Still having after shocks, son said something about 36 hours later you get another "big quake" ugggg...


----------



## JohnU (Sep 4, 2010)

Toni glad to hear you and everyone are ok.  Thoughts and prayers out to all of you during this time of tragedy.


----------



## chriselle (Sep 4, 2010)

Toni....I just logged on and saw this.  GLAD you guys are ok.  Living dead center on Japan's most active fault...Trust me...I know earthquakes WELL.  Just for interest sake, taking refuge in doorways is a no-no.  Dive under a table or even better BESIDE a table.  It's the best chance for having a small triangle of space should the building come down.  Again, glad you are ok.


----------



## Toni (Sep 5, 2010)

chriselle said:


> Just for interest sake, taking refuge in doorways is a no-no.  Dive under a table or even better BESIDE a table.  It's the best chance for having a small triangle of space should the building come down.  Again, glad you are ok.



Thanks Chris!! As for the door frame that was the husband making us do it, I would not know what to do hide under the bed?? Hopefully there wont be a next time, but if there is I am flipping over the couch and camping out under there!!


----------



## mranum (Sep 5, 2010)

Glad to hear you are and the family are doing well!  The good ole U-S of A is looking better now??:tongue:

I never experienced one but came close to that big one back in '89 in Frisco.  I was driving truck and had to make my delivery there that was scheduled for hours before it hit.  I was halfway back across Nevada when I actually heard about it, but that was before everyone had cell phones and my family was going nuts not knowing where I was.  It wasn't for another day or so before I called anyone just to bs a bit.
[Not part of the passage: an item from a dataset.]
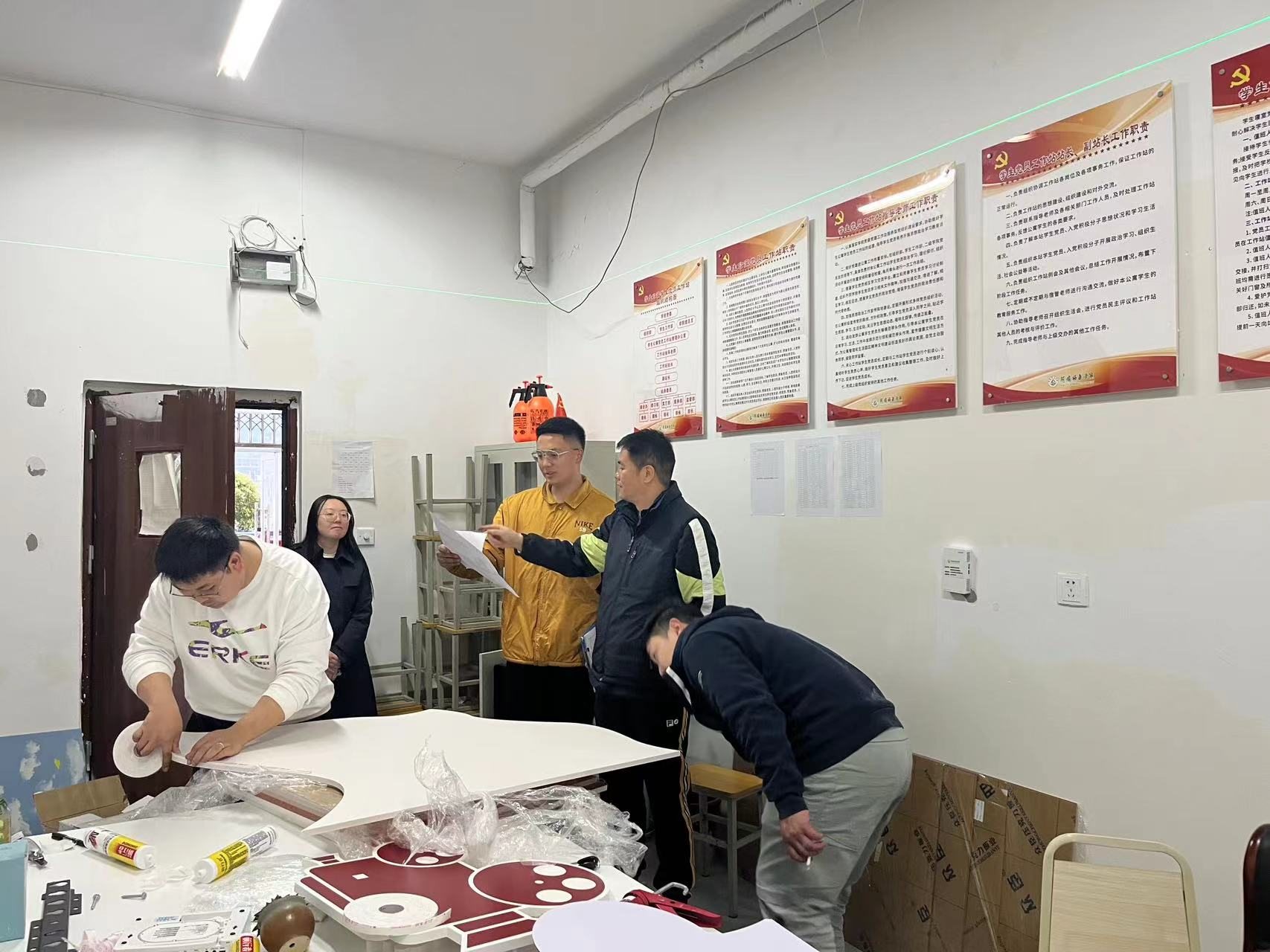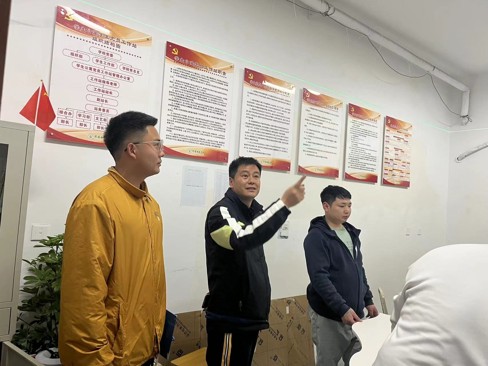 【本网讯】4月9日晚上七点,体育与健康学院党委书记陈松、八栋党员工作站第一指导老师付文灿、第二指导老师金玉洁,到党员工作站指导工作并到宿舍检查学生寝室卫生。
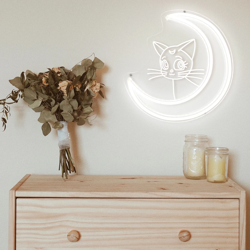 Segn naional Great Anime L-Għid ta' Bittrix Valentinijiet 10x10 In Bjan Sailor Moon segn naional Luna Cat Dekor Stoppielet Game Room

Got my but chewed over that I can tell you.:biggrin:


Matt


----------



## johncrane (Sep 5, 2010)

Thank God your ok!  Mother earth's not happy at the moment, Fires! Earthquakes! Floods!:frown:


----------



## Jim15 (Sep 5, 2010)

Toni, glad you and the family are Ok. I saw in the paper where it open a new fault line in New Zealand.


----------



## jimm1 (Sep 5, 2010)

Glad to hear that ya'll are ok. Still, if we can help out, just let us know.


----------



## Ligget (Sep 5, 2010)

Glad you are OK too!


----------



## Toni (Sep 7, 2010)

Jim15 said:


> Toni, glad you and the family are Ok. I saw in the paper where it open a new fault line in New Zealand.



Jim it did apparently it was dormant for 15,000 years give or take.. I think its all the methane gas:biggrin:



jimm1 said:


> Glad to hear that ya'll are ok. Still, if we can help out, just let us know.


thank you!!



johncrane said:


> Thank God your ok!  Mother earth's not happy at the moment, Fires! Earthquakes! Floods!:frown:



Today they reported Wellington is having mud slides and you are having foods...must be something down under..


----------